● Action item: Print the lines from the one containing "На Фабии 2 нет" through the end of the listing below, exactly as written. Any pictures stay out.

● Data extract:
::::::::
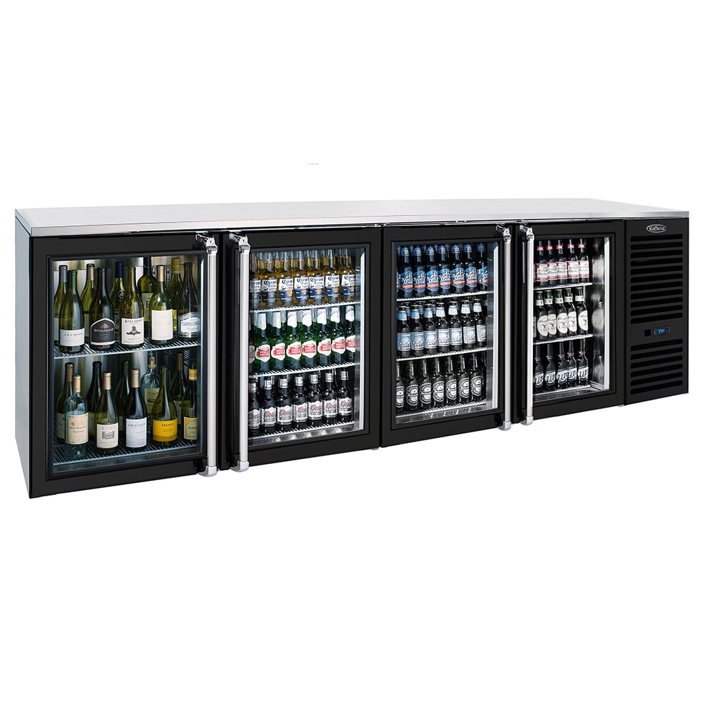 Refrigerated Back Bar Storage Cabinet, four-section, 108″W x 24″D, side mounted self-contained refrigeration, 30°F to 40°F temperature range, right compressor, glass door w/ black vinyl, stainless steel top, stainless steel cabinet sides, (4) hinged doors with locks, (2) adjustable shelves & floor rack per door, digital thermostat, LED interior lights, includes condensate evaporator pan, stainless steel interior, R134a, 1/3 HP, 115v/60/1-ph, 6.5 amps, cord with NEMA 5-15P, ETL-Sanitation, ETLus
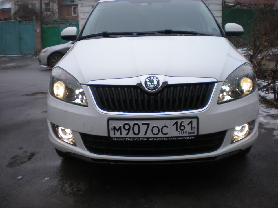 На Фабии 2 нет ксенона ни в одной комплектации, включая Монте Карло и РС. На масках линз этих фар имеется надпись "bi-halogen".
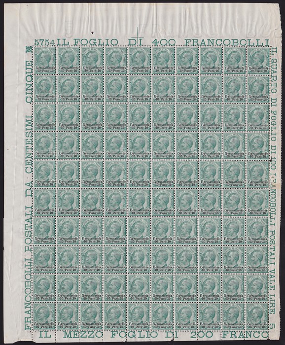 1909-11 'Gerusalemme' opt 10pa/5c green, FULL SHEET of 100. VF fresh MNH, margins all round. SG 125 cat £1100 for M, should be at least double, £2200 MNH. Sass 1 cat €2500 MNH singles -both, plus premium for sheet & very rare thus.
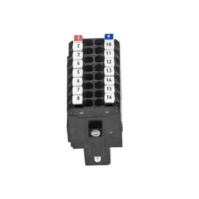 Conector 2X8 pinos, flange de fixação com parafuso (conectores marcados com entrada para cabo c/seções transversais máx. de 1,5 mm²) .
::::::::
● Exercise response:
 На Фабии 2 нет ксенона ни в одной комплектации, включая Монте Карло и РС. На масках линз этих фар имеется надпись "bi-halogen".
 1909-11 'Gerusalemme' opt 10pa/5c green, FULL SHEET of 100. VF fresh MNH, margins all round. SG 125 cat £1100 for M, should be at least double, £2200 MNH. Sass 1 cat €2500 MNH singles -both, plus premium for sheet & very rare thus.
 Conector 2X8 pinos, flange de fixação com parafuso (conectores marcados com entrada para cabo c/seções transversais máx. de 1,5 mm²) .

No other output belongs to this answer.